Although high-speed railway (HSR) subgrades in cold regions are filled with coarse-grained soil (CGS), they still undergo frost-heaving displacement. The liquid water–vapour migration mechanism can explain the frost-heaving process; therefore, the characteristics of liquid water–vapour migration in CGS are investigated in this study. The results show that in CGS, vapour migration is dominant under unidirectional freezing and dynamic loading. The water redistribution in the frozen zone and freezing front is primarily caused by vapour migration, whereas that in the unfrozen zone is primarily caused by liquid water migration. The final migration height of liquid water and the amount of vapour migration are positively correlated with the amplitude and frequency of dynamic loading. Continuous pore-structure changes and soil-particle movement provide favourable conditions for vapour migration, which are amplified by increasing the dynamic loading amplitude or frequency. A pumping action produced by dynamic loading exists inside CGS. In the design and maintenance of HSR subgrades in cold regions, vapour migration merits careful consideration because it induces more than 50% of the frost-heaving displacement.

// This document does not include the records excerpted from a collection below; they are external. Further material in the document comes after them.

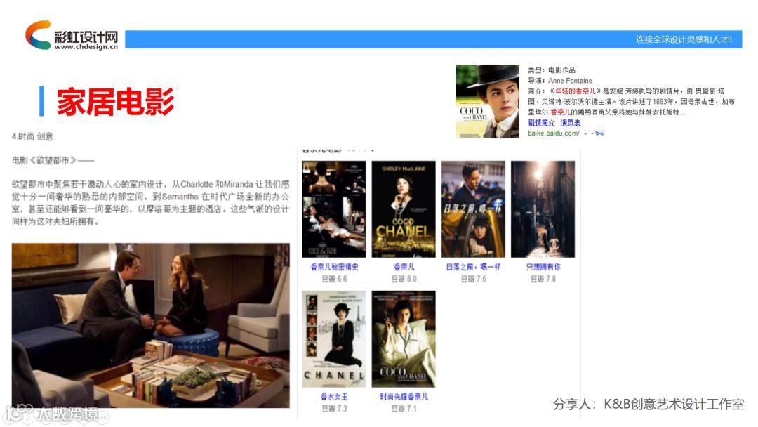 《香奈尔》,一个时尚品牌的创始人,通过这个电影电视剧可以了解这个创始人他一生追求的时尚设计,包括它当时是生活的背景,加上一些我们的设计理念,从而设计出更好更创新的一些产品。希望大家能把这些影视名称记下来,然后进行回去之后慢慢看。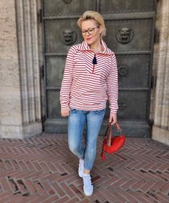 Ein hochwertiger French Terry Stoff aus Baumwolle/Elasthan in einem hellen Ecru. Die Innenseite ist nicht angeraut. Ideal für Shirts, Hosen, Röcke und Kleider. Abbildung Kleid Tanja, Shirt Diana und Troyer Jasper in blauer und roter Farbstellung.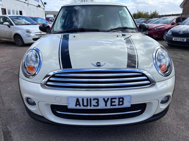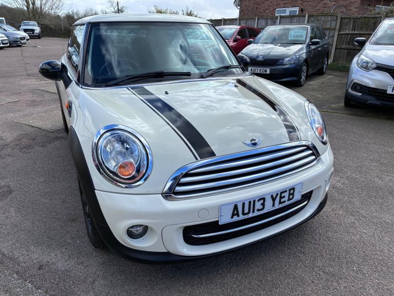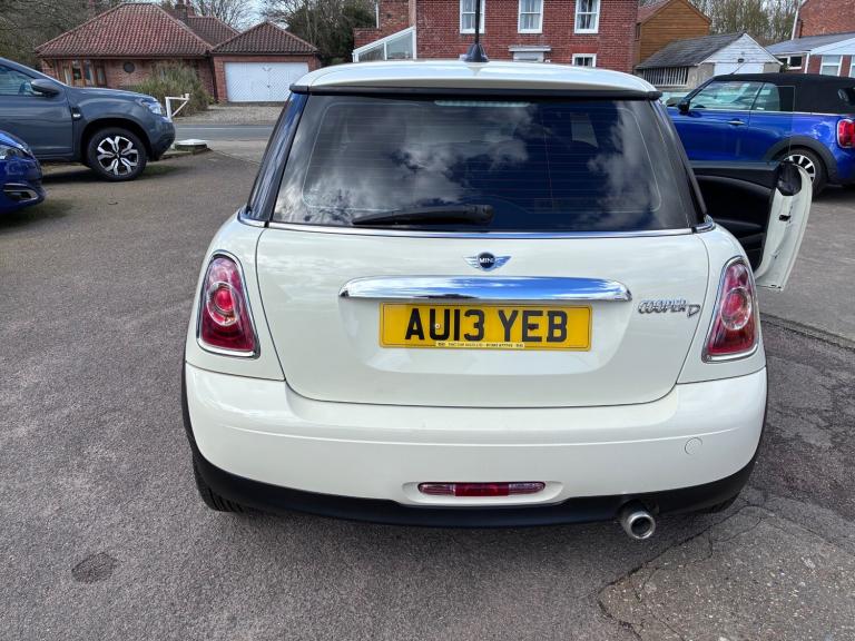 2013 13 MINI COOPER D 1.6 TURBO DIESEL 3DR IN PEPPER WHITE WITH BLACK MIRRORS, BLACK BONNET STRIPES AND BLACK ALLOY WHEELS, PRIVACY GLASS, AIRCON, BLUETOOTH, 6 SPEED GEARBOX, FANTASTIC ECONOMY AND POWER, 94,000 MILES WITH GOOD SERVICE HISTORY, £20 A YEAR

尽管寒冷地区的高速铁路（HSR）路基充满了粗糙的土壤（CGS），但它们仍然经历了冻胀位移。液态水蒸气迁移机制可以解释霜冻过程。因此，本研究研究了CGS中液态水蒸气迁移的特征。结果表明，在CGS中，在单向冻结和动态载荷下，蒸汽迁移占主导地位。冻结区和冻结区中的水重新分配主要是由蒸汽迁移引起的，而未冻结区中的水重新分配主要是由液态水迁移引起的。液态水的最终迁移高度和蒸汽迁移量与动态载荷的幅度和频率成正相关。连续的孔隙结构变化和土壤颗粒运动为蒸汽运移提供了有利条件，通过增加动态载荷振幅或频率来扩大这些条件。通过动态加载产生的泵送作用存在于CGS内部。在寒冷地区高铁路基的设计和维护中，蒸气迁移值得仔细考虑，因为它引起了超过50％的冻胀位移。